Certains aliments peuvent être réduits sans être systématiquement interdits : produits ultra-transformés, charcuteries, pâtisseries fréquentes, boissons sucrées et graisses saturées en excès. L’alcool, le café et les plats très épicés peuvent favoriser les bouffées de chaleur chez certaines femmes. Observez votre tolérance personnelle, en particulier le soir.
Pour l’alcool, le repère est de ne pas dépasser deux verres par jour et de prévoir des jours sans alcool. Cette limite ne transforme pas l’alcool en aliment recommandé. Elle sert à encadrer la consommation lorsqu’elle existe.
Faire durer les résultats sans régime strict
Le menu sur 7 jours sert de base pour installer une organisation réaliste. Répétez les petits-déjeuners qui vous conviennent, alternez les sources de protéines et préparez une quantité double de céréales ou de légumes pour deux repas. Vous gagnerez du temps sans manger la même chose toute la semaine.
Un format de 5 jours peut servir à tester une nouvelle organisation. Sept jours permettent d’inclure le week-end. Les formats de 10 ou 14 jours facilitent l’installation d’habitudes plus stables. La durée ne remplace pas la personnalisation : le meilleur plan reste celui que vous pouvez suivre sans faim excessive ni fatigue.
Associer mouvement, sommeil et prudence avec les compléments
Au moins 30 minutes d’activité physique quotidienne, associées à du renforcement musculaire adapté, soutiennent la masse musculaire et la dépense énergétique. La vitamine D peut nécessiter une évaluation individuelle. Gemvi mentionne 800 UI par jour ou 80 000 à 100 000 UI par trimestre selon les situations.
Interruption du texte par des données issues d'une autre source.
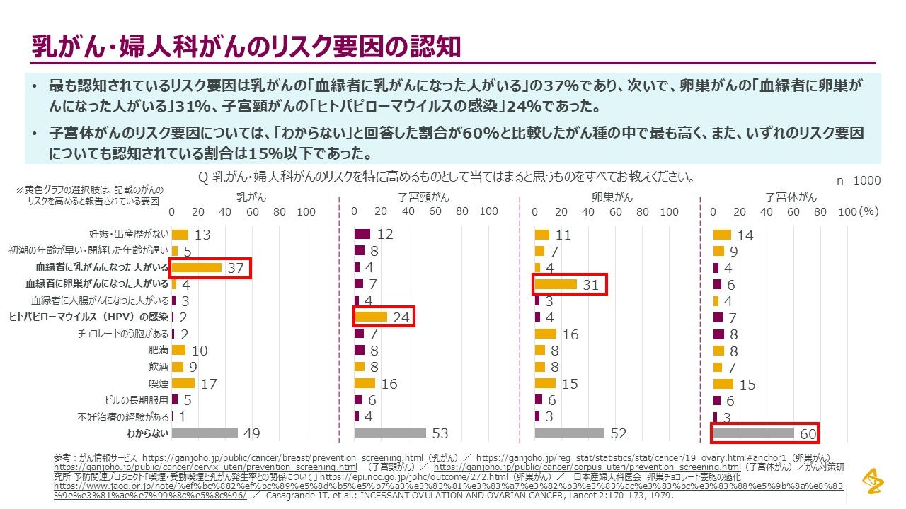 乳がん、子宮頸がん、卵巣がん、子宮体がんのリスク要因のなかで、最も認知されていた割合が高かったのは乳がんの「血縁者に乳がんになった人がいる」の37%であり、次いで、卵巣がんの「血縁者に卵巣がんになった人がいる」31%、子宮頸がんの「ヒトパピローマウイルスの感染」24%でした。

Les phytoœstrogènes du soja, les isoflavones, le trèfle rouge ou l’actée à grappes noires ne sont pas anodins. Demandez conseil à votre médecin ou à votre pharmacien avant d’en prendre, particulièrement en cas d’antécédent personnel ou familial de cancer hormonodépendant. Un complément ne remplace pas une alimentation structurée et ne doit pas être choisi uniquement parce qu’il est présenté comme naturel.
Enregistrez cette page au format PDF, puis utilisez-la pendant une semaine sans chercher la perfection. Notez simplement votre faim, votre énergie, la qualité de votre sommeil et les aliments qui semblent accentuer vos bouffées de chaleur. Ces observations vous aideront à ajuster votre alimentation de façon réaliste, plutôt qu’à recommencer un régime restrictif.